Excellently written with passion, humor and forgiveness.
-Stephen Hills, review on Amazon.com
I can’t say enough wonderful things about this book, it was fantastic! The stories are amazing and when I’m reading, I feel as if I can hear Mr. Maroscher telling the stories to me. I’ve taken the book on vacation with me and was approached by someone who questioned me about the title. It’s definitely one that piques interest!
-Emily Clark, review on Amazon.com
Gerhard Maroscher’s book is a fantastic account of an Eastern European immigrant family’s actual life experiences over a period of 65 years from 1939 at the beginning of WWII. It is delineated in a manner that not many authors are able to achieve. This family story leaves no stone unturned and is brutally honest in its description of the numerous perils and personal conflicts brought on by war, escape from Communist Eastern Europe, and post-war near starvation in West Germany during a time in world history that no sane person wants to see repeated. The author goes on to acknowledge in a very personal way, how the effects of war and discrimination in Europe impacted everyday life as the entire family adjusted to American life by working extremely hard to make the American dream a reality. It defines why immigrants appreciate America more than any other place on earth and is highly recommended for history buffs and readers with a political science leaning.
-John Archer, review on Amazon.com
I grew up on my dad’s stories of what he saw in Germany during WW2, stories that took hold in my brain and just never let go. This is a book that is a must-read for any age, should be mandatory in schools actually.
The title might throw you as it did me—but when you read where it stems from you’ll get it, AND agree.
Why Can’t Somebody Just Die Around Here is a big book that is written in clear concise short sections. Easy to follow, horrifying to have to understand, you’ll smile shed a tear, become a cheerleader and root for this family that just never gave up. Two brothers lived due to the strength and ingenuity of their mother, and eventually the determination of both parents. This story is their personal struggle of survival in a horrible time. ~~WELL DONE GERHARD~~
-Linda Marsh, goodreads.com reader
Fabulous book! Could not put it down!!
-Mary-Ann Baughman Abbott
I completed reading a wonderful book earlier this week that I think needs to be read by every red-blooded American. This is such a fantastic read. I was running, hiding and starving my way through Chapter 12 with you. I had never heard of the Morgenthau Plan until reading this book. I noticed the parallel of political moves over the last few years with our country with that of Europe in the 1940’s. Then the wonders of immigrating to the United States of America, and realizing the American Dream. I’ve had a great deal of respect for Gerhard for the last 25 years, and this book explains a lot of what experiences turned him into the wonderful person he is. Thank you for finally writing this book Gerhard. It truly has been a blessing. Now to pass it on to my children to experience!
Just finishing up your book. Thank you so much for writing it. This book should be required reading for all high school students. I learned so much. I hope more adults pick up your book. Well done, Mr Maroscher.

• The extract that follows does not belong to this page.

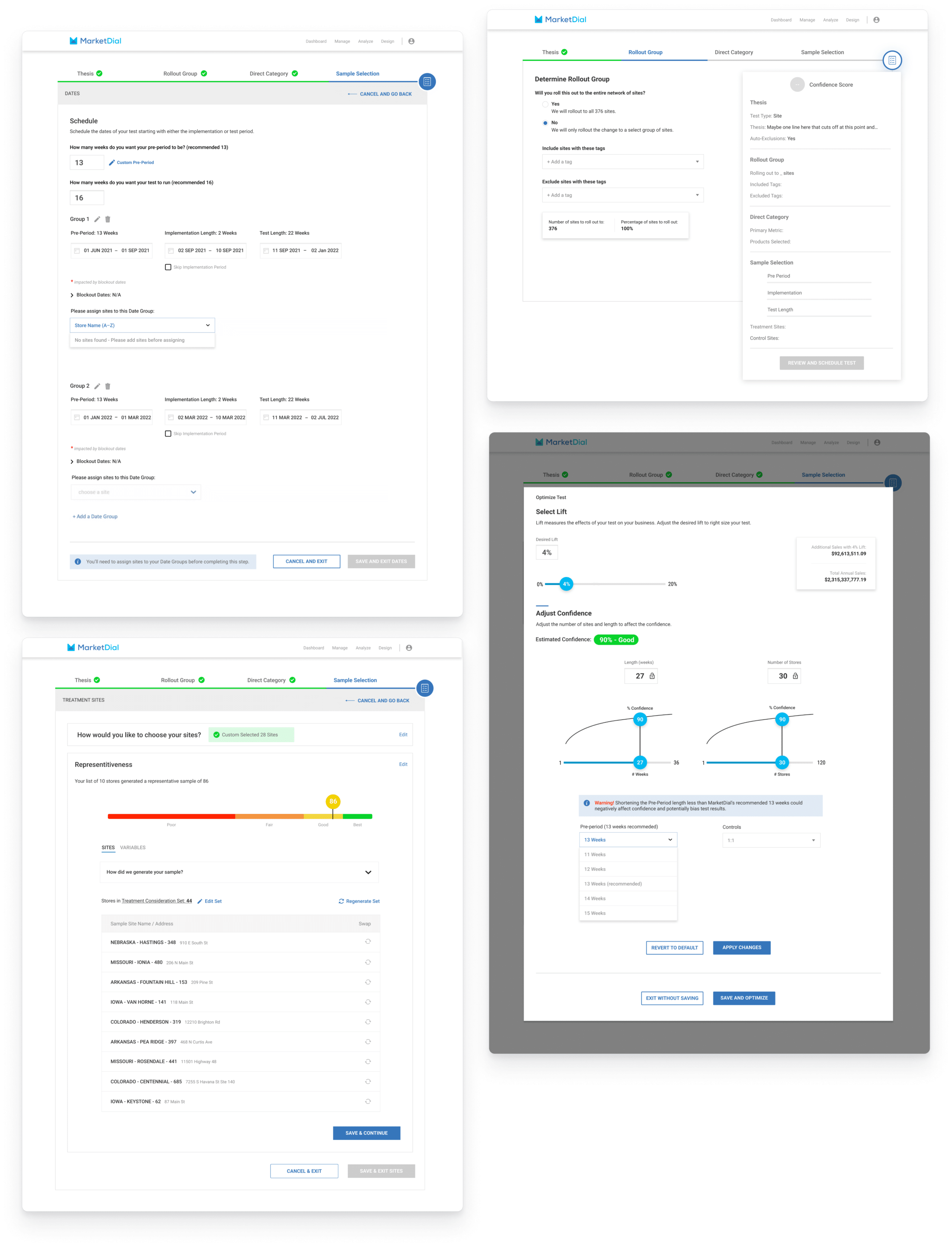 My work on MarketDial’s product primarily revolved around two key features: the “Test Building Wizard” and the “Lift Explorer.” The Test Building Wizard serves as the gateway to MarketDial’s product, allowing users to create tests for a selection of their stores. This feature guides users through designing experiments, including selecting locations, products, and controls. I collaborated extensively with MarketDial’s product manager, lead data scientist, and developers to improve the user experience and overhaul UI elements that had been implemented without design guidance. Research, user interviews, and the creation of detailed product maps and user personas laid the foundation for these improvements.

This family’s journey across Europe and to the United States is filled with courage, heartache and the hope for a better life. The author illustrates the impact of WW2 on his family and sheds light on some of the political ramifications. But this book is so much more than just another discussion of political events. With his wonderful sense of humor, the author shares delightful stories about his childhood and gives a heartwarming insight into the simple life in rural Romania and Germany. Having worked as a German teacher myself, I very much enjoyed the numerous scans of original documents (many of which have been translated as well) and appreciate the educational value of the story. I recommend this book to anyone interested in the German language, German history, WW2, the fate of Transylvanian Saxons, the pursuit of the American dream… and to anyone who wants to read an inspiring book that will make you laugh and cry.
-Michael T. Lawson, via Amazon.com
Wow! What a wonderful book! We must never forget the toll World War II took on all families, no matter what the nationality. The upheaval in Europe was felt everywhere. Yet there is something so beautiful here also – the resilience of the human spirit and the love that binds a family is hard to put into words. Thank you for this account, Mr. Maroscher. And thank you for putting your appreciation for America here also. The U.S. needs to take note.